# Nismo



## Subaruce (Mar 19, 2015)

Just taken delivery of my Nismo and what a car!! Coming from a Noble M400 to a F430, the GTR is what I should have been buying all these years! Still running it in (160 miles since Tuesday!) but hopefully will reach the 1,200 miles by the end of April.
A Y pipe modification has been mentioned to me and I wondered what the views were on this? I understand that due to the fact I am going to track her, I should opt for a resonated version but which one should I buy and can I get a Ti version?


----------



## LiamGTR (Nov 26, 2006)

You're going to track a Nismo? Good lad!! Use it for its intended purpose and not wrapped up hoping for more money.


----------



## Trev (Nov 1, 2003)

If you have a Nismo, surely it would come with the best exhaust setup from factory?

Bit different to the "standard" GT-R's.


----------



## Viper® (Oct 25, 2014)

I thought the Nismo came with a full Titanium exhaust system.

I've always loved the 360 Modena and spider. But they're still far more expensive then a GTR, running cost probably much higher too. And the GTR is more practical, safe and better equipped imo.

Enjoy it


----------



## Chris_Gojira (Oct 1, 2012)

R35 Nismo has an optional Titanium exhaust, if you didn't tick that box (and the dealer didn't make any mistakes) it'll be a normal stainless exhaust.

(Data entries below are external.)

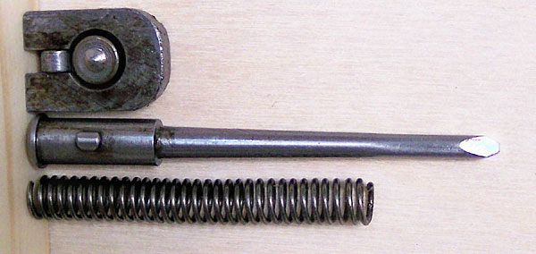 Firing assembly from top to bottom: Firing pin stop, firing pin and
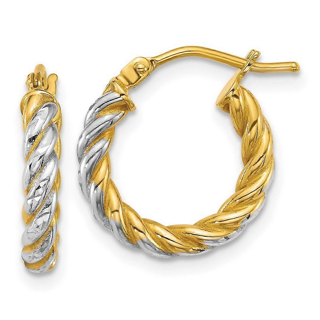 14k With White Rhodium Polished Sparkle Cut Twisted 2.75mm Hoop Earrings 15x15mm Wide 2.75mm Thick-Hoop Earring for Wome
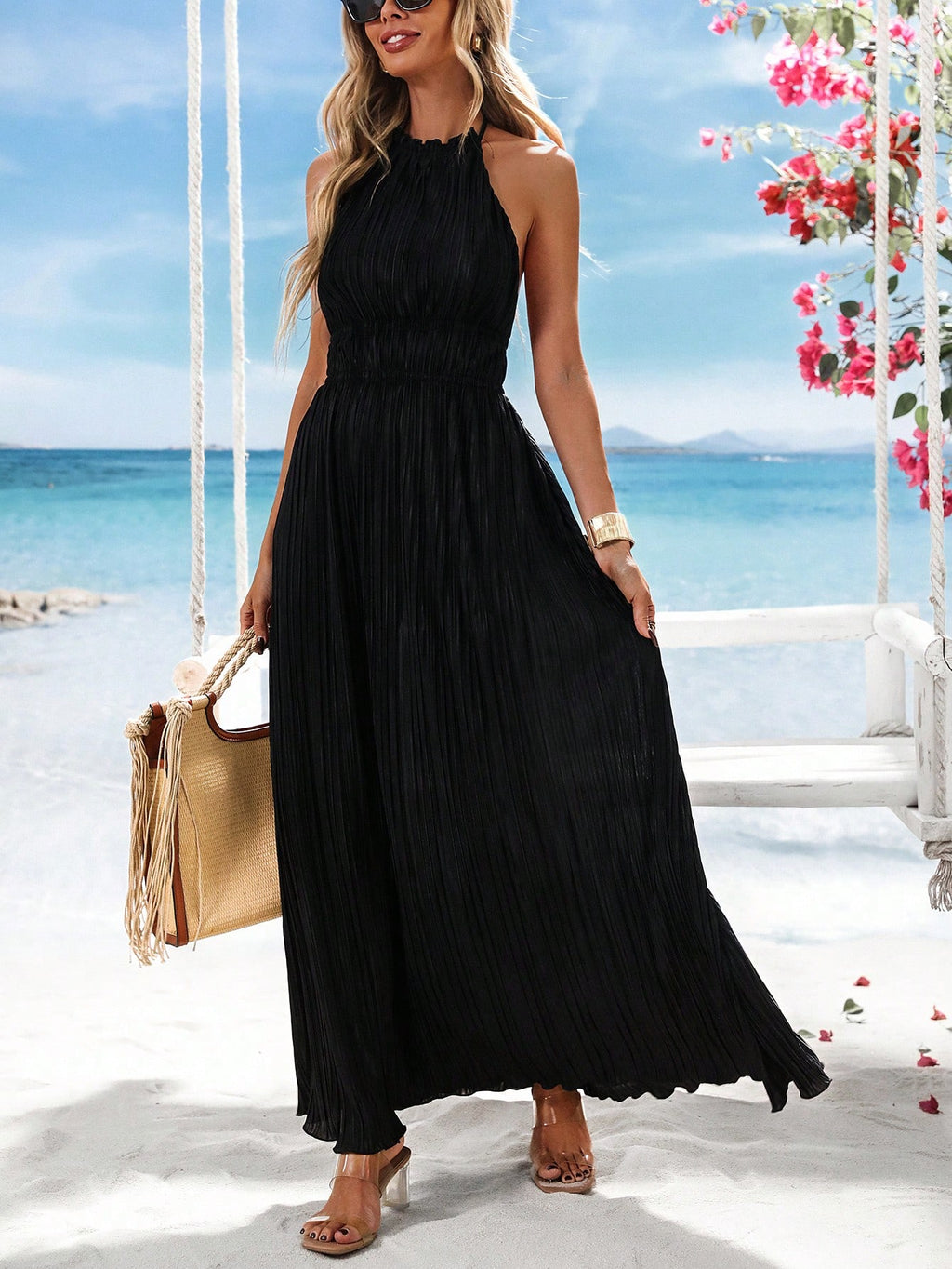 MIU Beach Vacation Casual Black Halter Neck Pleated Open Back Dress, Spring

If you want a titanium exhaust, i'd highly recommend the HKS Superior Spec R:
HKS Superior Spec R GT-R R35 - PartBox Performance and Tuning Parts
6 in stock at the moment.

Product info:
SUPERIOR specR?GT-R

From that point on, you can start adding other parts to the point you'll need a remap, or the sound gets too much, for example:

Center Pipe, cat-less, unsilenced
HKS GTR R35 CENTRE Pipe No Silencer - PartBox Performance and Tuning Parts

Center Pipe, cat-less, silenced
HKS GTR R35 CENTRE Pipe - PartBox Performance and Tuning Parts

Let me know if you need any help with selecting parts and upgrades.
We keep almost all R35 parts in stock, from brakes to suspension, from exhausts to engine internals 

I'm willing to set you up with a special price for the GTROC, just send me a PM i'f you're interested.

Regards,
Chris


----------



## Subaruce (Mar 19, 2015)

Yes I had the Ti exhaust option (well it was the only one!!) but I have heard that losing the cats out of the Y pipe saves weight and can change the exhaust note (whether I want to change it or not I'm not sure yet!).


----------



## Chris_Gojira (Oct 1, 2012)

Ok that explains, just gave HKS a call. They say that the exhaust system should be the same as a "normal" R35, only made from Titanium.

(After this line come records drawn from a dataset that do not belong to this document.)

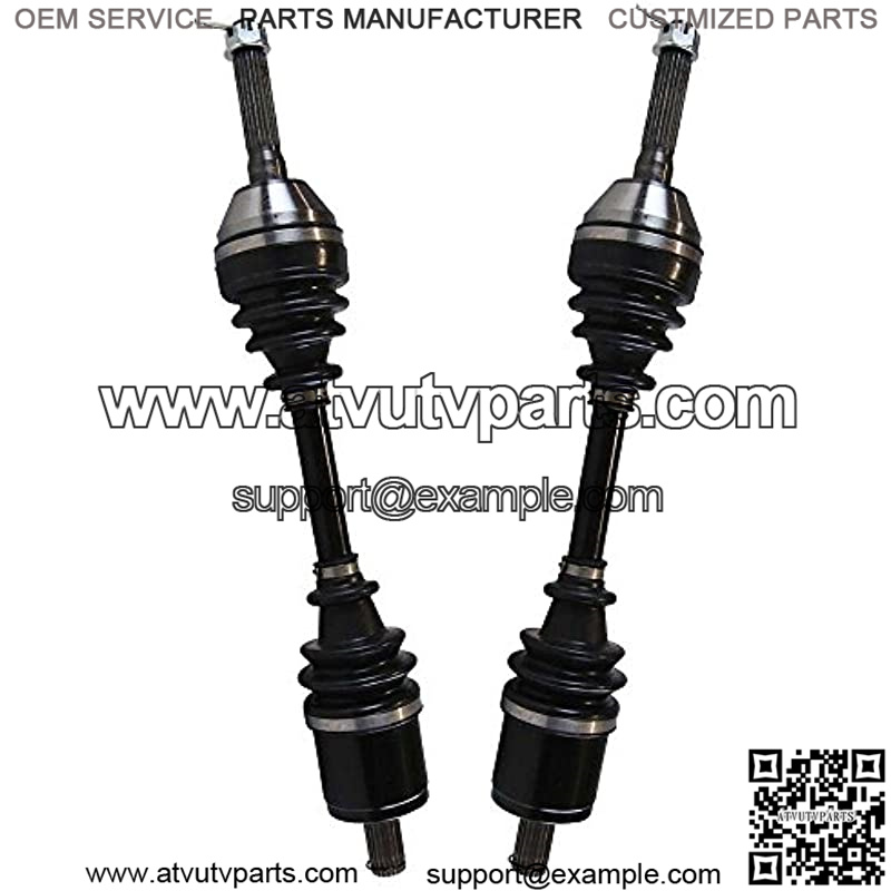 This package contains 2 front CV axle shaft assemblies. Each 40CR steel axle shaft is assembled with molybdenum disulfide lithium grease and heavy gauge neoprene puncture resistant boots to increase performance and withstand extreme high and low temperatures.
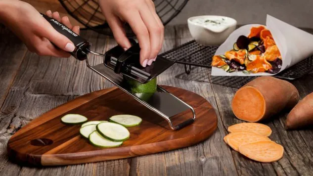 Der Gourmet Hobel ist nicht verstellbar und schneidet Scheiben von 2 mm Dicke.
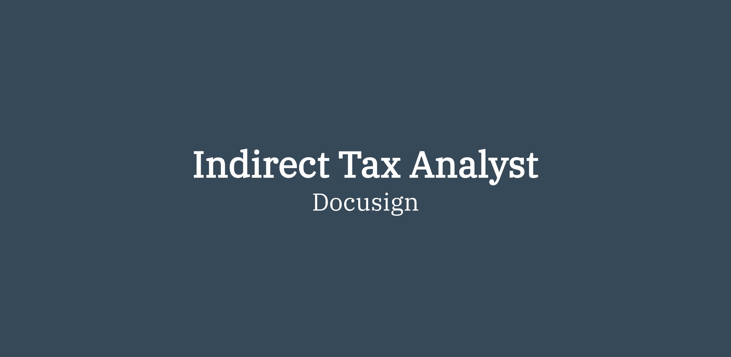 Docusign is looking for an experienced and motivated Indirect Tax Analyst to join our indirect tax team. In this role, you will focus on US state and local sales and use tax and global value added tax (VAT) and goods & services (GST) tax research, compliance, and reporting. We are looking for a team player that will thrive in a dynamic environment and contribute to the continuous improvement of our tax processes.

This means you can upgrade to the HKS center pipe with, or without silencer


----------



## Robbie J (Jan 8, 2005)

if you decat the front you will need a remap

It would be great to see your car, mine is decatted


----------



## Mookistar (Feb 5, 2004)

get some pics up!


----------



## anissut1974 (Jul 10, 2013)

This thread is useless without pics.


----------



## twobadmice (Jul 2, 2013)

Lovely car! Lets us know when your coming out to play!


----------



## gtr mart (Mar 29, 2004)

You wouldn't need a remap for a y pipe change alone. I don't think the op is considering downpipes.


----------



## bobbie (Jan 3, 2013)

He only has a Nismo when he posts some pics up, other wise I don't believe him:chuckle:

Bobby


----------



## LiamGTR (Nov 26, 2006)

bobbie said:


> He only has a Nismo when he posts some pics up, other wise I don't believe him:chuckle:
> 
> 
> 
> Bobby



I support your theory Bobby  Haha.


----------



## Neanderthal (Apr 5, 2013)

Easter break...


----------



## Chronos (Dec 2, 2013)

Neanderthal said:


> Easter break...


Schools broken up early.


----------



## Fryman (Sep 4, 2014)

[email protected] said:


> Ok that explains, just gave HKS a call. They say that the exhaust system should be the same as a "normal" R35, only made from Titanium.
> 
> This means you can upgrade to the HKS center pipe with, or without silencer


Do I read that correctly? HKS Make the exhaust for Nismo?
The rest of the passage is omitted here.